►
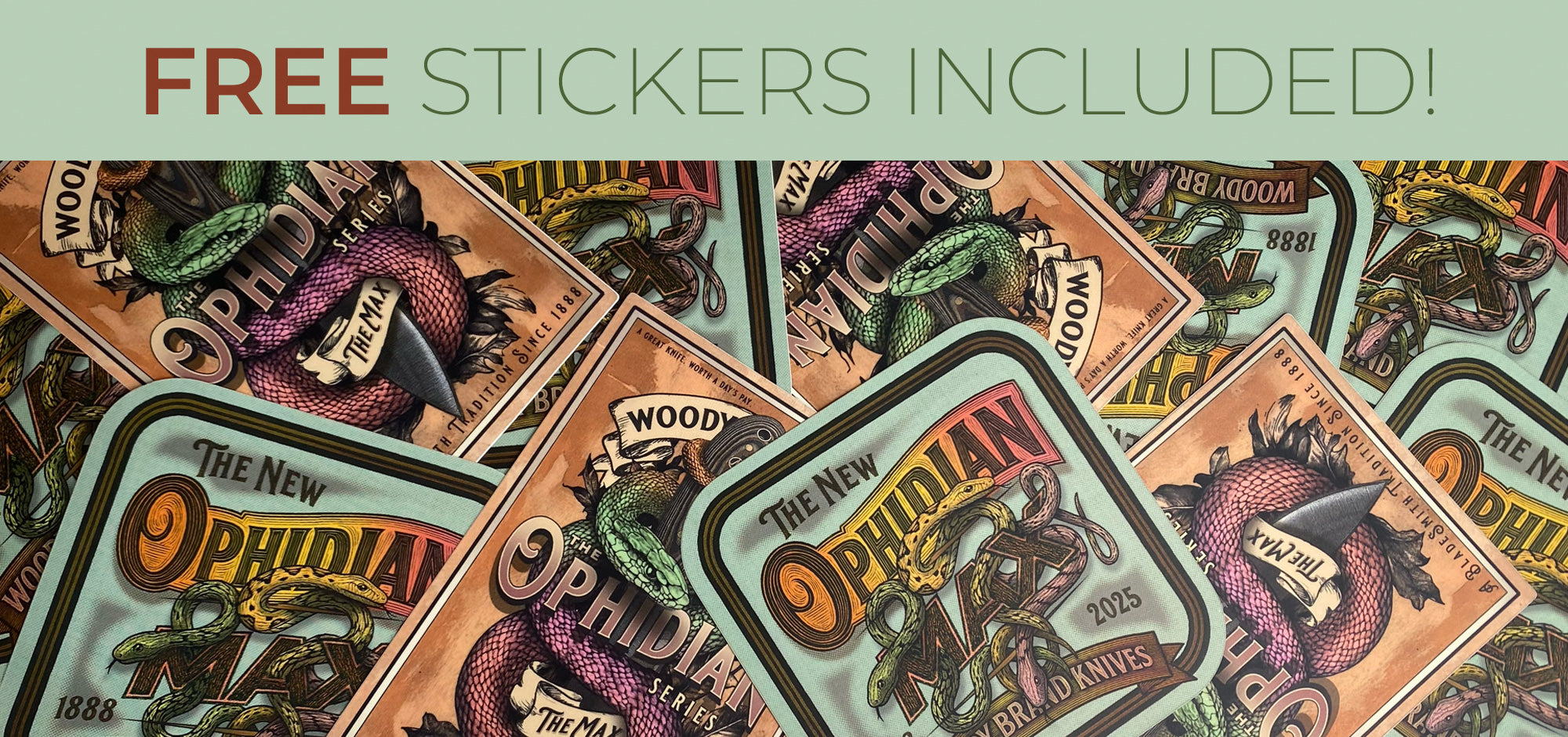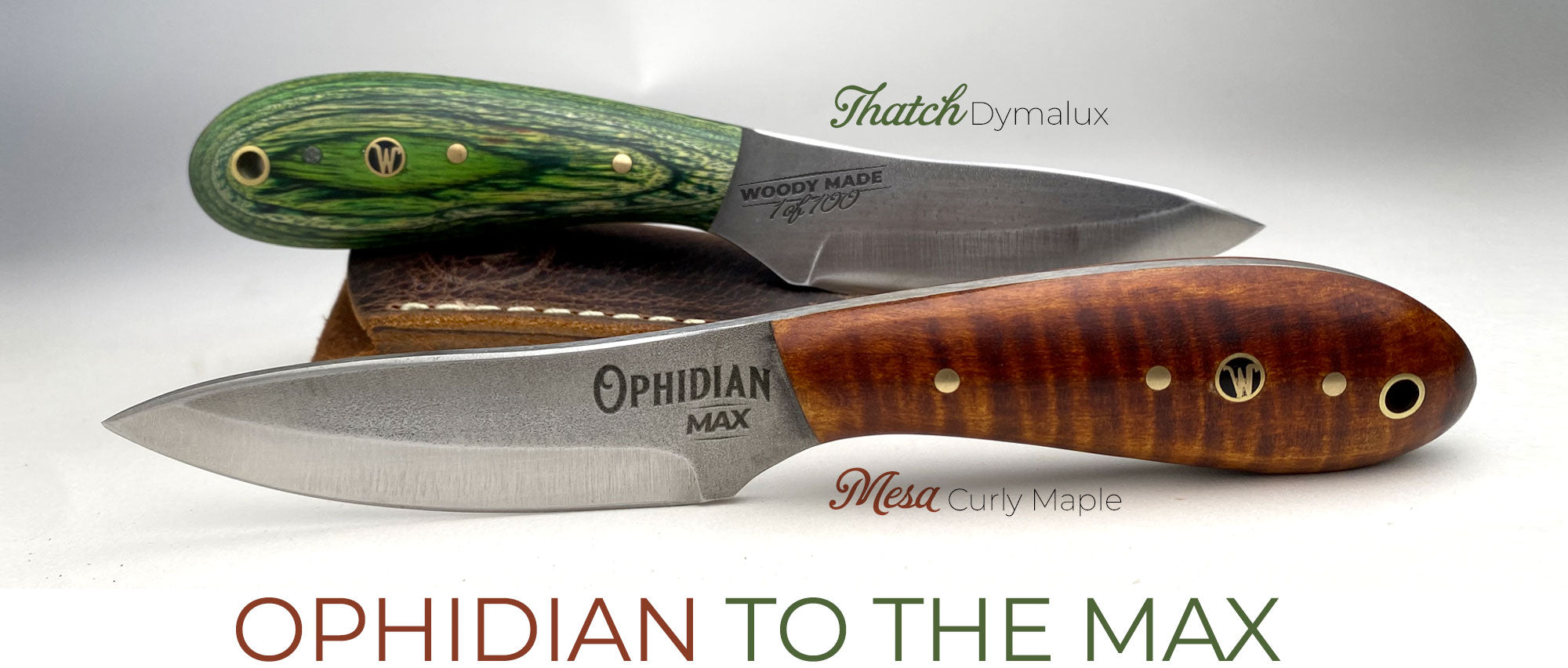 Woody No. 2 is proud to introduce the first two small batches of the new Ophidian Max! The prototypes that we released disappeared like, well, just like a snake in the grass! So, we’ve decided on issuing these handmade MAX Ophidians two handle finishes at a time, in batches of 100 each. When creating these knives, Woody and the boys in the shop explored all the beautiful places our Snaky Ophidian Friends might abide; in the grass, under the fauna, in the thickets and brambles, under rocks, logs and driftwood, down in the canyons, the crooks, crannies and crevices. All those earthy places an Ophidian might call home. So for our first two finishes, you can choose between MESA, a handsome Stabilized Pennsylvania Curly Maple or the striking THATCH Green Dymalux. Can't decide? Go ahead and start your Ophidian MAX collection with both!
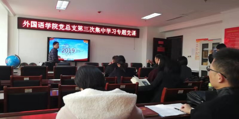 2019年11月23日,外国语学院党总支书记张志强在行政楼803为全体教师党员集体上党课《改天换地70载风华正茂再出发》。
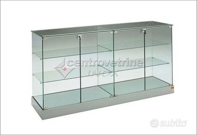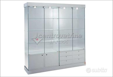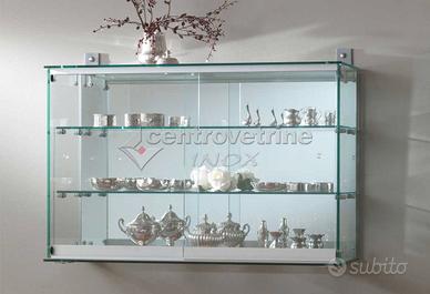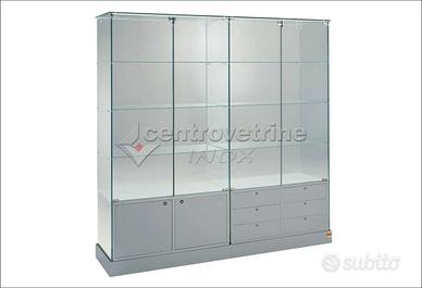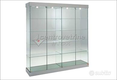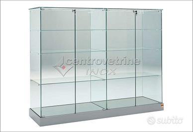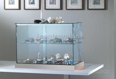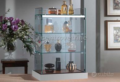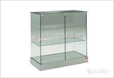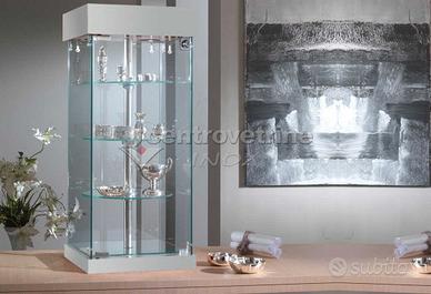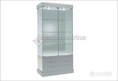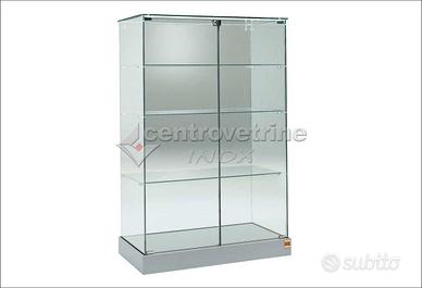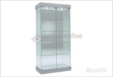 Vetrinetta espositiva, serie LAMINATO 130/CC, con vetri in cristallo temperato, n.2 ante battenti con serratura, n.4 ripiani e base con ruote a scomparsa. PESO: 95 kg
◄
• **Exercise description**:
Copy out all the data exactly, skipping the pictures.

• **Result**:
 Woody No. 2 is proud to introduce the first two small batches of the new Ophidian Max! The prototypes that we released disappeared like, well, just like a snake in the grass! So, we’ve decided on issuing these handmade MAX Ophidians two handle finishes at a time, in batches of 100 each. When creating these knives, Woody and the boys in the shop explored all the beautiful places our Snaky Ophidian Friends might abide; in the grass, under the fauna, in the thickets and brambles, under rocks, logs and driftwood, down in the canyons, the crooks, crannies and crevices. All those earthy places an Ophidian might call home. So for our first two finishes, you can choose between MESA, a handsome Stabilized Pennsylvania Curly Maple or the striking THATCH Green Dymalux. Can't decide? Go ahead and start your Ophidian MAX collection with both!
 2019年11月23日,外国语学院党总支书记张志强在行政楼803为全体教师党员集体上党课《改天换地70载风华正茂再出发》。
 Vetrinetta espositiva, serie LAMINATO 130/CC, con vetri in cristallo temperato, n.2 ante battenti con serratura, n.4 ripiani e base con ruote a scomparsa. PESO: 95 kg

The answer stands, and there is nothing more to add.